No entanto, assim que tirou a blusa ela focou o olhar em sua mão. Com um tremor involuntário, ela não pode deixar de se perguntar: e se...; vencida pelo tormento da dúvida, ela se contorceu para conseguir ver o aspecto de suas feridas no espelho simples que todas as cabines do vestiário tinham.
Sua pele estava lisa.
Nenhuma cicatriz, marca, arranhado, casca, manja, ferida... nada. No fim de semana ela trocara seus curativos e lembrava nitidamente das caretas de sua mãe enquanto limpava os pontos mais críticos e procurava algum sinal de infecção, como pus.
Num primeiro momento, ela se sentiu feliz – mas logo em seguida a verdade a golpeou de tal forma que ela perdeu o fôlego: aquilo não era normal. Longe disso, aquilo era uma das coisas mais estranhas que ela já tinha visto; o impacto com o asfalto tinha destruído sua blusa e esfolado suas costas, disseram-lhe que mal havia pele quando lhe prestaram os primeiros socorros no meio da rua.
Tremendo, ela tateou sua nécessaire até achar o alicate que costumava usar para tirar as pelinhas soltas ao redor de suas unhas, pois tinha o terrível hábito de tirar com os dentes e se machucar. Engolindo em seco, ela mirou seu joelho e pressionou a ponto afiada nele, até ver o brilho do sangue, para então traçar um pequeno corte.

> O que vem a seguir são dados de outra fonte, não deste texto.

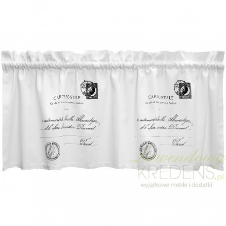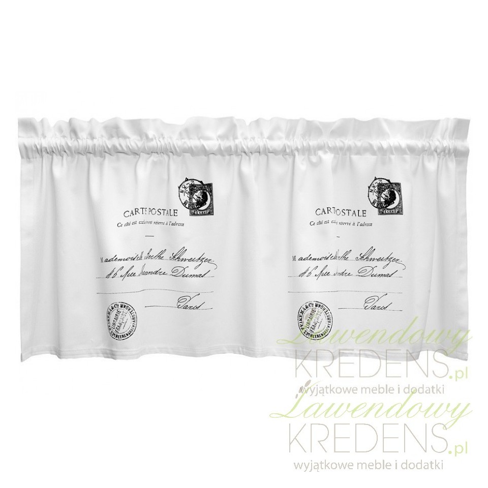 Prześliczne, pięknei układające się zazdrostki French Home, wykonane w 100% z wysokiej jakości bawełny. Ich śnieżnobiały kolor przełamany został czarną grafika i napisami, które imitują kartkę pocztową z wypisanym adresem. Zazdrostki białe świetnie sprawdzą się jako prowansalski dodatek, zapewniając prywatność i swobodę!
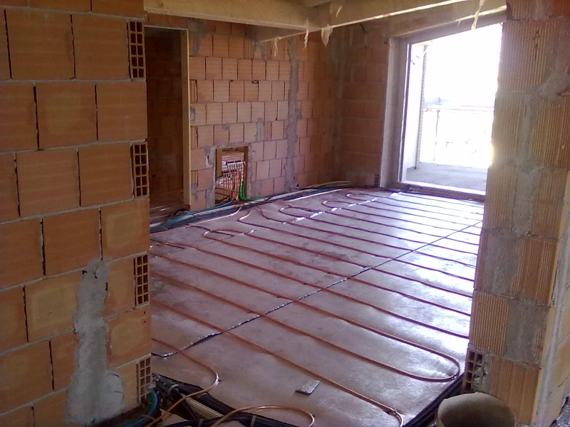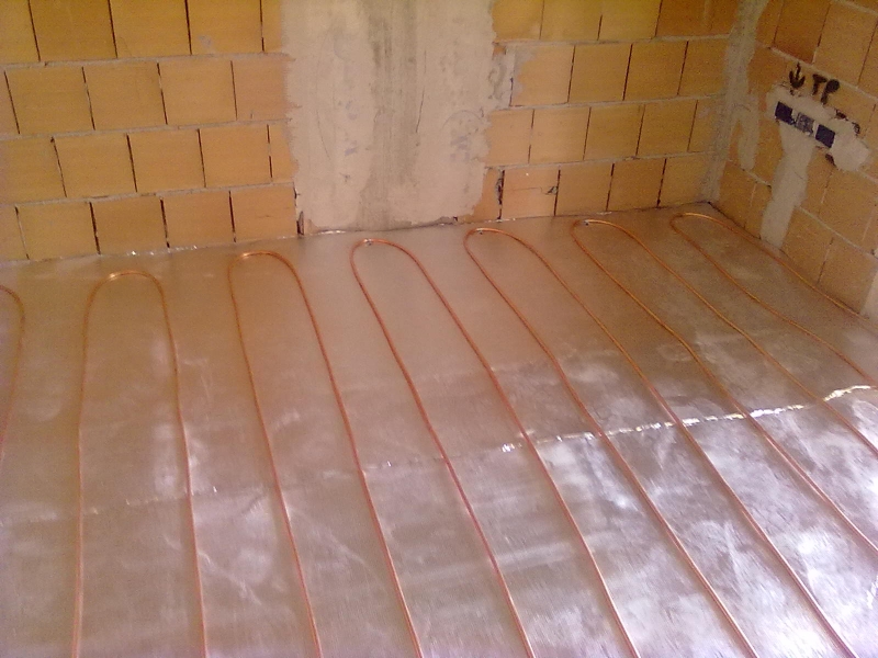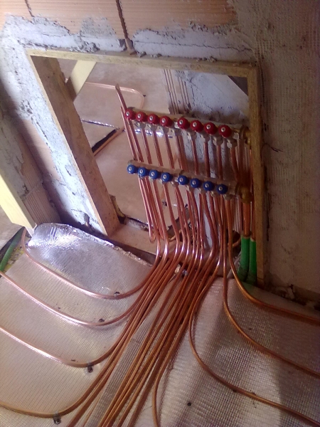 Impianto di riscaldamento a pavimento con serpentina in rame e caldaia a condensazione della dittaRiello;
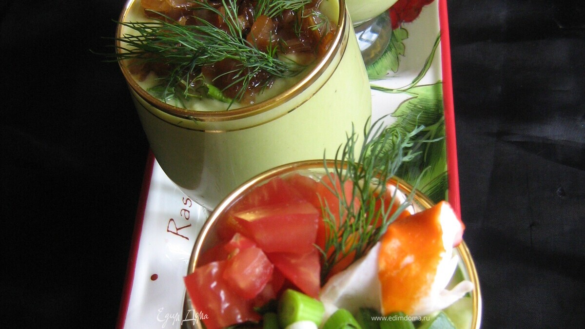 Охлаждённый суп-пюре разлить по бокалам или тарелкам и каждому положить то,что он любит.Приятного аппетита!Я сделала так: в первый бокал с супом положила перец,зелень,красную икру и огурец,во второй: помидоры,зелень,крабовое мясо,перец,на а в третий карамелизированный лук и зелень.В общем можно фантазировать.Суп нужно обязательно охладить.если хотите увеличить порции,то нужно будет ещё пару авокадо.Вкусно,легко и по летнему свежо! Приятного аппетита!

Sempre que perguntavam, ela dizia que se mutilar era uma coisa idiota e inconsequente, mas naquele momento a descarga de adrenalina pelo ato, bem como a dor aguda do novo machucado afastaram quaisquer questões de sua cabeça; pela primeira vez ela entendia o que levava alguém muito angustiado ou frustrado a se ferir e isso era assustador.
Um tímido filete carmesim escorreu um pouco e parou. Ela suspirou aliviada; o corte estava ali aberto, sem anormalidade alguma – rindo baixinho, ela abriu as mãos e fitou as palmas que machucou durante a aula anterior – estavam lisas e perfeitas.
Arfando, voltou sua atenção novamente para o joelho que, mesmo sujo de sangue, estava perfeito como se ela não tivesse se cortado.
Pouco tempo depois, ela saiu usando o uniforme esportivo. Susan a encarou por alguns instantes e perguntou:
–Você está bem Ray?
–Sim. – respondeu a menina mecanicamente.
–Você parece estar... em choque.
–Estou bem. – murmurou ela mantendo o tom.
–Raven Audrey. –replicou a garota, segurando seu rosto com ambas as mãos e fitando seus olhos intensamente. Preocupação irradiava dela.
–Eu... vou ficar bem. – a outra recuou como se a resposta a pegasse de surpresa, mas acenou de modo afirmativo e foi se trocar também.
Dez minutos depois de todas estarem prontas, elas descobriram que a turma que deveria estar na aula de Geografia se juntaria a eles naquele dia por um imprevisto: a professora passou mal e não fazia sentido buscar um professor pra cobrir o último tempo. Podiam apenas ter liberado eles mais cedo, mas então lembrou que alguns deles já tinham sido liberados antes naquela semana.
Os garotos se animaram e começaram e se provocar, dando soquinhos, empurrando e várias coisas tão infantis quanto. Do fundo da quadra, ambas avistaram Becky andando calmamente na direção delas – seu corpo esguio e curvilíneo humilhando a todas naquele uniforme. Foi só então que ela se lembrou que Becky estava na mesma turma de Geografia que Ramona Foster.
Raven fitou as próprias mãos, digerindo a ideia de que não ficava machucada por muito tempo por razões que lhe fugiam e se permitiu um sorriso discreto. Torcia por um esporte de contato como basquete ou algo tão brutal quanto; seria uma aula... interessante.